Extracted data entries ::
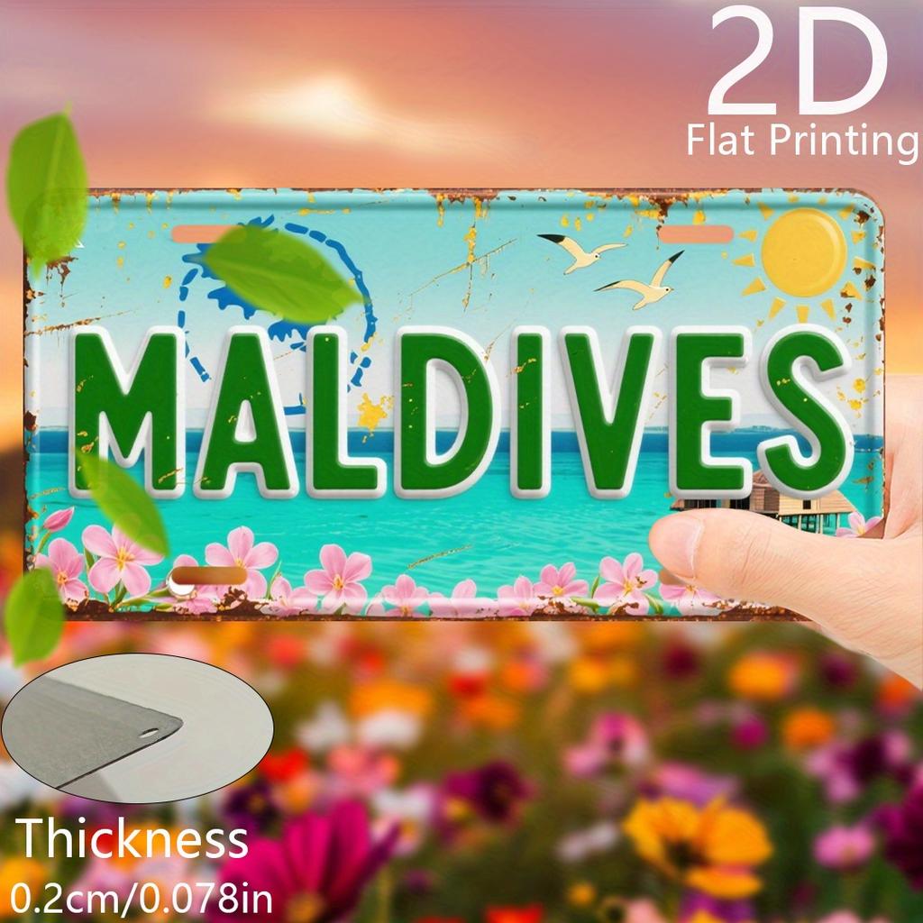 Tropical Maldives License Plate - Retro Travel Poster Design with Turquoise Lettering - Lightweight Aluminum Plaque () - Beach H
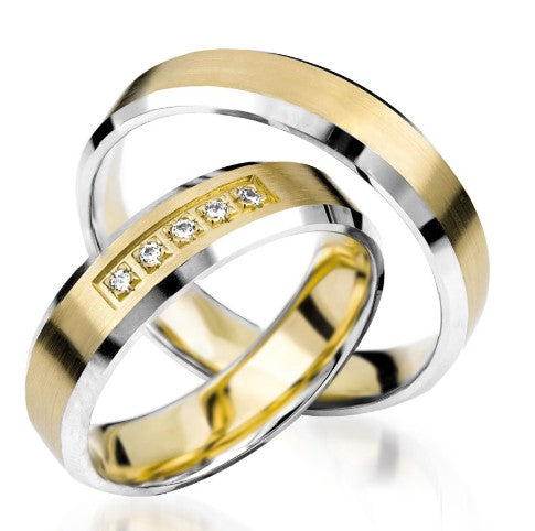 Simon & Söhne Trauringe/Eheringe Basic Bicolor S 130 sind hochwertige Trauringe aus Weißgold-Gelbgold aus dem Hause Simon & Söhne. Die Ringe haben eine angenehme Breite von ca. 5,0mm. Der Damenring ist mit 5 Brillanten besetzt, die zusammen etwa 0,05ct ergeben.
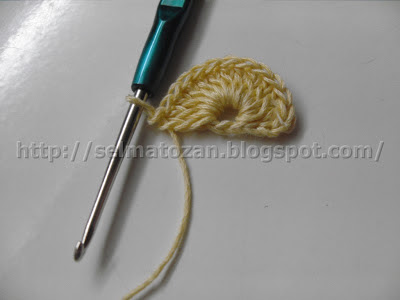 Дальше вяжем так же, только оранжевые ниточки "подбираем"
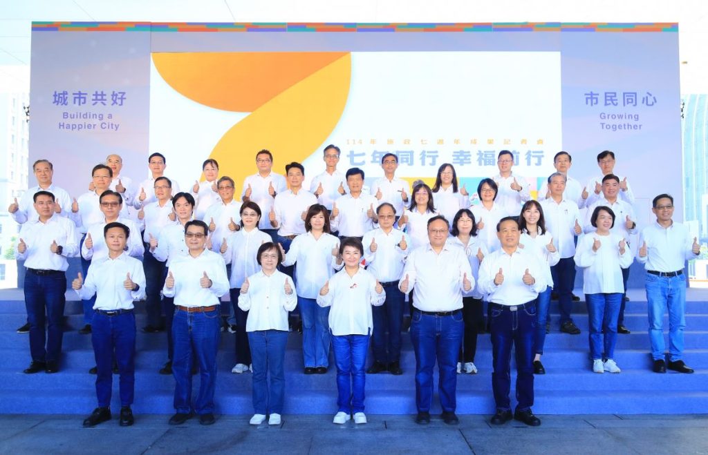 台中市長盧秀燕率領市府團隊執政即將邁向第八年,二十四日以「七年同行、幸福前行」為主軸,向市民報告七年來的施政成果。她特別回顧第一年就職典禮上許下的諾言,以「顧家最重要的三件事」巧妙比喻市政治理,感謝市民家人一路相挺與支持,她將為台中奮鬥到最後一秒鐘。
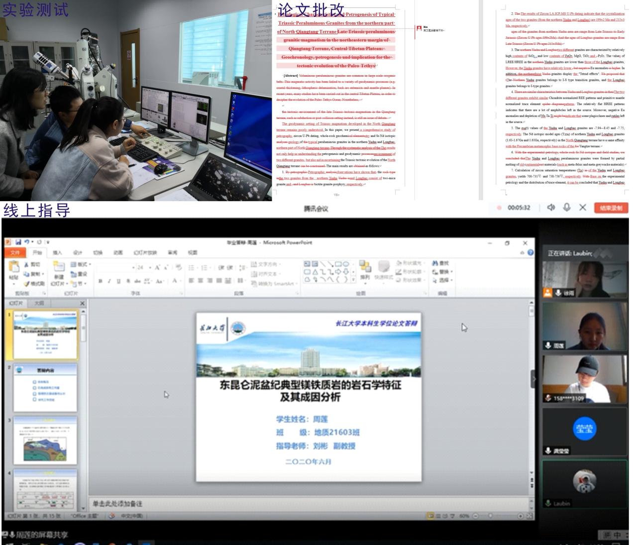公司的青年教师刘彬副教授在非常重视毕业生地质思维能力、科研技能和学术规范性等训练。在员工确定选题后,便有针对性地向员工提供与论文研究相关的文献,启发员工从多个不同角度思考科学问题,并且亲自带领和指导员工进行样品处理与上机测试。为解决疫情期间无法进行面对面指导这一问题,刘彬老师还利用腾讯会议和QQ等社交软件开展线上指导与 “一对一”实时交流,及时解答员工的论文问题,引导和鼓励员工们在疫情期间调节各种负面情绪、不畏困难、静心学习,督促员工高效地完成论文工作的各个环节。
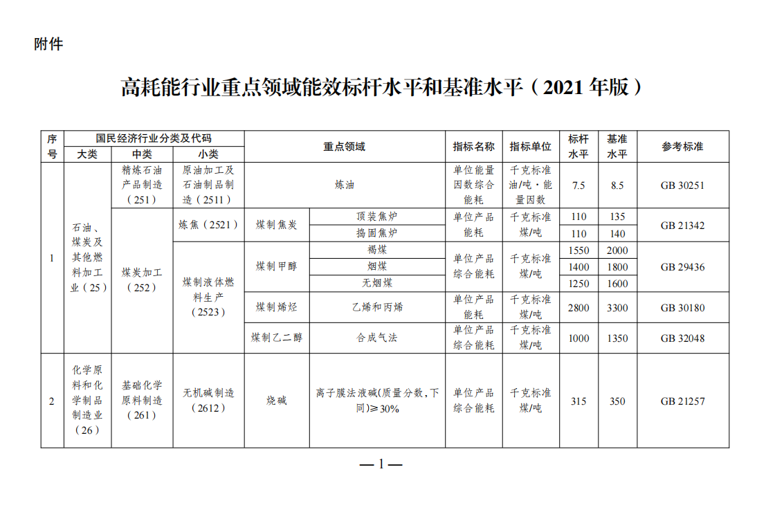 領(lǐng)域能效標(biāo)桿水平和基準(zhǔn)水平(2021年版)》的通知
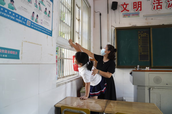 刘莺打开窗户,提前半小时给教室通风。这时,已经有孩子到了。
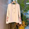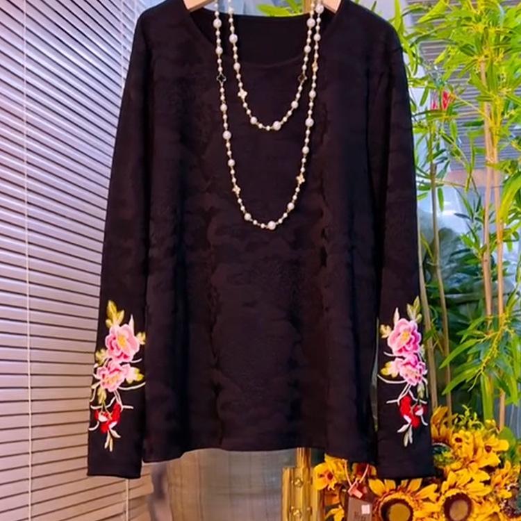 Discover elegance and comfort with this plus size women's shirt, featuring a round neckline and long sleeves. Crafted from a flexible spandex material, it offers a flattering, slimming fit. The solid pattern is tastefully accentuated by beautifully embroidered floral cuffs, adding a touch of retro charm to your wardrobe. Perfect for both casual and semi-formal occasions, this shirt is a versatile addition to any fashion-forward collection.
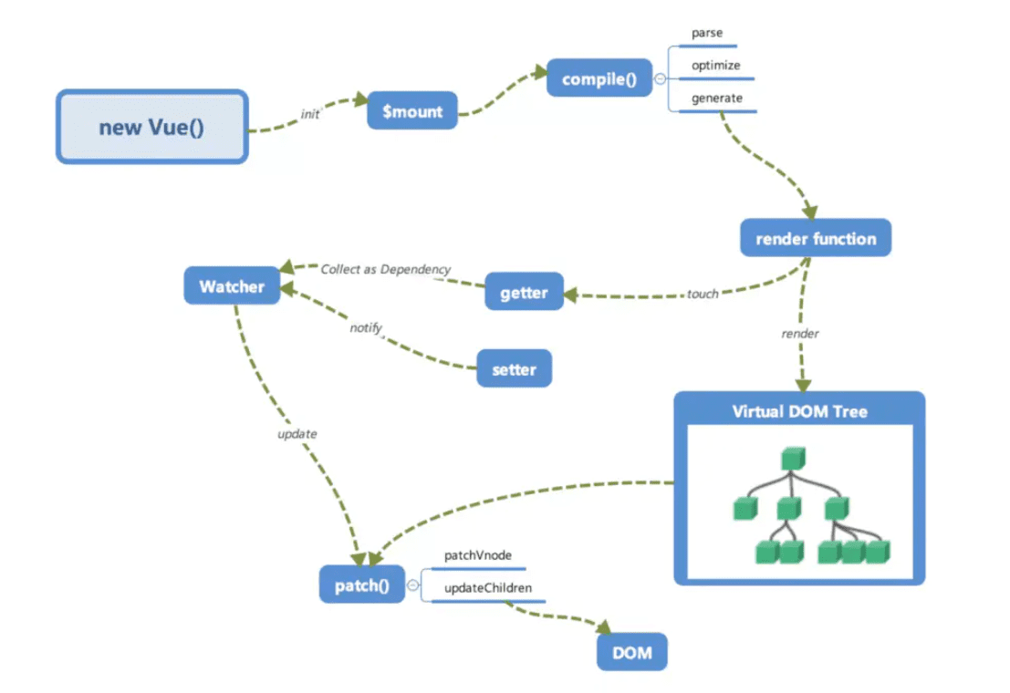 解析器Compile从而更新视图。解析器Compile,可以扫描和解析每个节点的相关指令(v-model,v-on等指令),如果节点存在v-model,v-on等指令,则解析器Compile初始化这类节点的模板数据,使之可以显示在视图上,然后将相关指令(如v-model,v-on)对应初始化成一个订阅者Watcher,并替换模板数据或者绑定相应的函数,此时当订阅者Watcher接收到相应属性的变化,执行updateComponent方法(异步),通过vm._render()更新vNode(新旧node对比),最后渲染到html中

Problem description ::
With the images excluded, output every record verbatim.

Worked solution ::
 Tropical Maldives License Plate - Retro Travel Poster Design with Turquoise Lettering - Lightweight Aluminum Plaque () - Beach H
 Simon & Söhne Trauringe/Eheringe Basic Bicolor S 130 sind hochwertige Trauringe aus Weißgold-Gelbgold aus dem Hause Simon & Söhne. Die Ringe haben eine angenehme Breite von ca. 5,0mm. Der Damenring ist mit 5 Brillanten besetzt, die zusammen etwa 0,05ct ergeben.
 Дальше вяжем так же, только оранжевые ниточки "подбираем"
 台中市長盧秀燕率領市府團隊執政即將邁向第八年,二十四日以「七年同行、幸福前行」為主軸,向市民報告七年來的施政成果。她特別回顧第一年就職典禮上許下的諾言,以「顧家最重要的三件事」巧妙比喻市政治理,感謝市民家人一路相挺與支持,她將為台中奮鬥到最後一秒鐘。
公司的青年教师刘彬副教授在非常重视毕业生地质思维能力、科研技能和学术规范性等训练。在员工确定选题后,便有针对性地向员工提供与论文研究相关的文献,启发员工从多个不同角度思考科学问题,并且亲自带领和指导员工进行样品处理与上机测试。为解决疫情期间无法进行面对面指导这一问题,刘彬老师还利用腾讯会议和QQ等社交软件开展线上指导与 “一对一”实时交流,及时解答员工的论文问题,引导和鼓励员工们在疫情期间调节各种负面情绪、不畏困难、静心学习,督促员工高效地完成论文工作的各个环节。
 領(lǐng)域能效標(biāo)桿水平和基準(zhǔn)水平(2021年版)》的通知
 刘莺打开窗户,提前半小时给教室通风。这时,已经有孩子到了。
 Discover elegance and comfort with this plus size women's shirt, featuring a round neckline and long sleeves. Crafted from a flexible spandex material, it offers a flattering, slimming fit. The solid pattern is tastefully accentuated by beautifully embroidered floral cuffs, adding a touch of retro charm to your wardrobe. Perfect for both casual and semi-formal occasions, this shirt is a versatile addition to any fashion-forward collection.
 解析器Compile从而更新视图。解析器Compile,可以扫描和解析每个节点的相关指令(v-model,v-on等指令),如果节点存在v-model,v-on等指令,则解析器Compile初始化这类节点的模板数据,使之可以显示在视图上,然后将相关指令(如v-model,v-on)对应初始化成一个订阅者Watcher,并替换模板数据或者绑定相应的函数,此时当订阅者Watcher接收到相应属性的变化,执行updateComponent方法(异步),通过vm._render()更新vNode(新旧node对比),最后渲染到html中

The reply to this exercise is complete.